Assignment
Transcribe the data as written, minus images.

Information shown
BEGIN
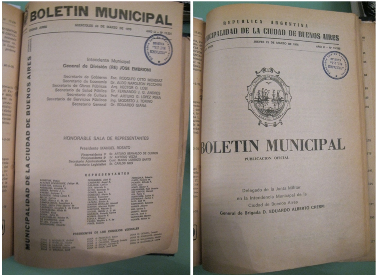
Figura 4. ¿Cambios en el Boletín Municipal? A la izquierda se puede observar la carátula del Boletín del día 24 de marzo de 1976. A la derecha la del 25 de Marzo de 1976, al día siguiente de golpe de estado. Disponible en el CEDOM (Centro de Documentación Municipal). (Fotografía de las autoras).
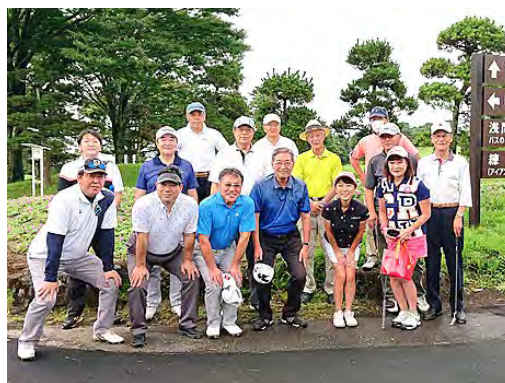
精鋭ロータリアン 15名

〒293-0043 富津市岩瀬 841-3 いち川旅館 Ichikawa ryokan 841-3 Iwase Futtsu-shi Chiba-ken, 293-0043 Tel. 0439-65-0177 Fax. 0439-65-0178 URL http://www.futtsuchuo-rotary.org
END
Answer to the problem
Figura 4. ¿Cambios en el Boletín Municipal? A la izquierda se puede observar la carátula del Boletín del día 24 de marzo de 1976. A la derecha la del 25 de Marzo de 1976, al día siguiente de golpe de estado. Disponible en el CEDOM (Centro de Documentación Municipal). (Fotografía de las autoras).
精鋭ロータリアン 15名

〒293-0043 富津市岩瀬 841-3 いち川旅館 Ichikawa ryokan 841-3 Iwase Futtsu-shi Chiba-ken, 293-0043 Tel. 0439-65-0177 Fax. 0439-65-0178 URL http://www.futtsuchuo-rotary.org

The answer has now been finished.